How many of us consider the catalogue of ships in Homer’s Iliad (Book 2) to be “the earliest geographic document in Greek Literature” (Roller, p. 13)? We don’t but we must. We must expand our view such that we can read Odysseus’ wanderings not as a literary journey that should (or can) be made “geographic” via mapping, but as an actual geographic text as such.

That is because, for Roller, ancient or medieval “geography” is not only the theoretical structure of the world based on reasoning and calculations (Ptolemy), or the cumulative handbooks on earth-knowledge that survive (Strabo), but “geography” also includes any account of people traveling (Roller, pp. 2-5). Granting this, we must be willing to allow “geography” to include a great deal more than we would otherwise.

We must also not pine over what seems to be missing. In ancient works, narratives and mathematics combined to create a special kind of ekphrastic literature. The surviving textual relics of the ancient discipline constitute a very abstract genre in comparison with our notion of geography.

Our geography (especially in practice) has come to be essentially co-terminus with the production, and study, of maps and map-worthy images (i.e., sattelite and aerial photographs).

We look at the ancient material as a lot of words and numbers, with almost no maps to speak of. But ancient geography does not seem to have worried about this: ancient geographers were not overly concerned with maps. We are obsessed with them. Ancient geography is an activity of the mind. Our geography is an activity of the hand.

If we want to re-capture something of the ancient “geography”, we must re-calibrate our reading so that we exchange our geography’s emphasis on space (quantifiable, measurable) over place (bounded locus of meaning, memory, identity) for an older geography with the opposite emphasis: place over space.

Let’s pause for a moment and consider what this means for our practices of reading. When we are confronted with a text that is an ancient geography (think again of the catalogue of ships in the Iliad), we actually have to pause and help ourselves understand this as geography. We have to translate it into our geographic “language” to understand it as such: we have to “map it”.

Image Credit: (http://ships.lib.virginia.edu/neatline/show/the-peloponnese) Jenny Strauss Clay, Courtney Evans, Ben Jasnow, and team (http://ships.lib.virginia.edu/credits)
Image Credit: (http://ships.lib.virginia.edu/neatline/show/the-peloponnese) Jenny Strauss Clay, Courtney Evans, Ben Jasnow, and team (http://ships.lib.virginia.edu/credits)

How can we effect such a translation for other “geographic” texts that we would not tend to read “as geographies”? What does this mean for how we map the Chronography of Theophanes the Confessor?

To answer this challenge, we are building our methodology from a controversial premise: the Chronography (better known as the “Chronicle”) of Theophanes the Confessor, in all of its complex convoluted opacities, is (among other things) its own geography.

Today, we read “pre-modern” texts as though they are missing maps – usually helpfully supplied in our critical editions and translations.

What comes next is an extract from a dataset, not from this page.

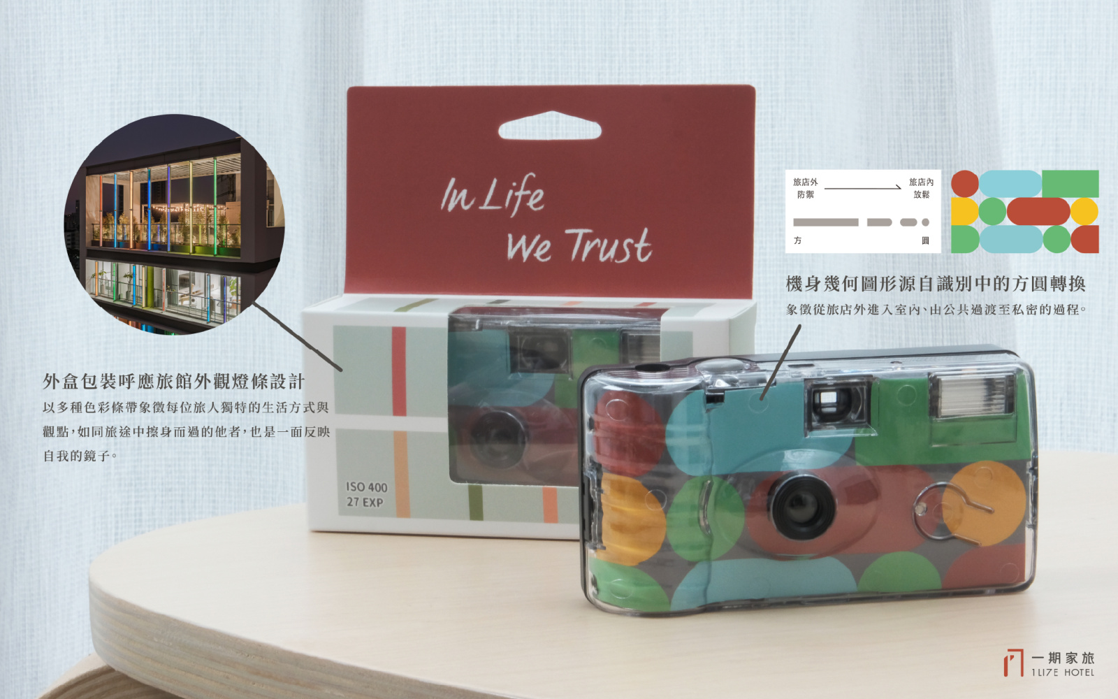 這一次我們把旅館外牆的燈條設計、品牌識別與色彩語言,通通收進這台底片相機裡。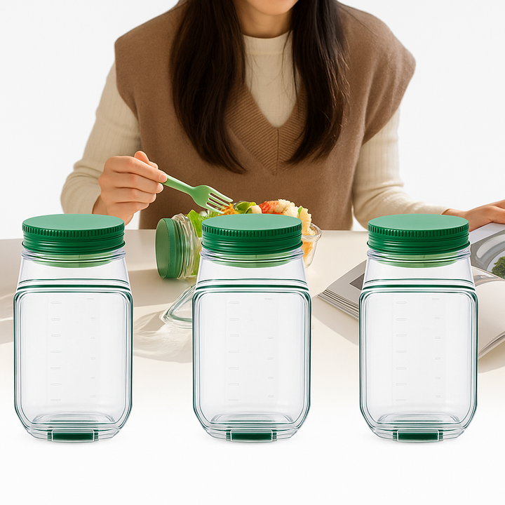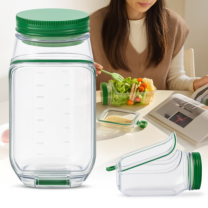 ăSafe, Reusable, and Portable Salad JarăMade from high-quality, food-grade materials, the Salad Jar is a durable, reusable alternative to single-use containers. Perfect for on-the-go meals or everyday kitchen storage, it provides a sustainable solution for your salad jar with dressing bowls and encourages an eco-friendly, health-conscious lifestyle

However, while this practice serves an important practical purpose of translation, in the Traveler’s Lab we aim to realize the presumption that for its contemporary, ninth-century audience, a text like the Chronography of Theophanes was not missing a map: it was the map.

The problem is, we simply can’t say this to be so, and then proceed as though we have changed our reading and thinking practices. We’ve lost the habit of thinking a text in this way, to the degree that we can’t simply recapture this other way of thinking by willing it to be so (or, at least, we aren’t convinced we have yet succeeded).

The question, or the challenge, is how to approximate and show what-it-looked-(or, thought-) like? How can we translate this narrated geography into a uniquely-mapped geography we can read?

Our best effort thus far involves, in our data-gathering stage, “capturing” and “tagging” as “geography” many items that would not be considered to be “geographic” by a contemporary 21st-century reader. To give one example, we would tag “… the bishop of Neapolis wrote to the emperor …” as (at minimum) three “geographic” statements: one about Neapolis, one about the journey of a letter, and one about Constantinople. The thousands of these sorts of phrases combined – in this account of the known world from the beginning of time and matter – to create what we must acknowledge as a geography of the entire known world, embedded within an account of the entire known world through time.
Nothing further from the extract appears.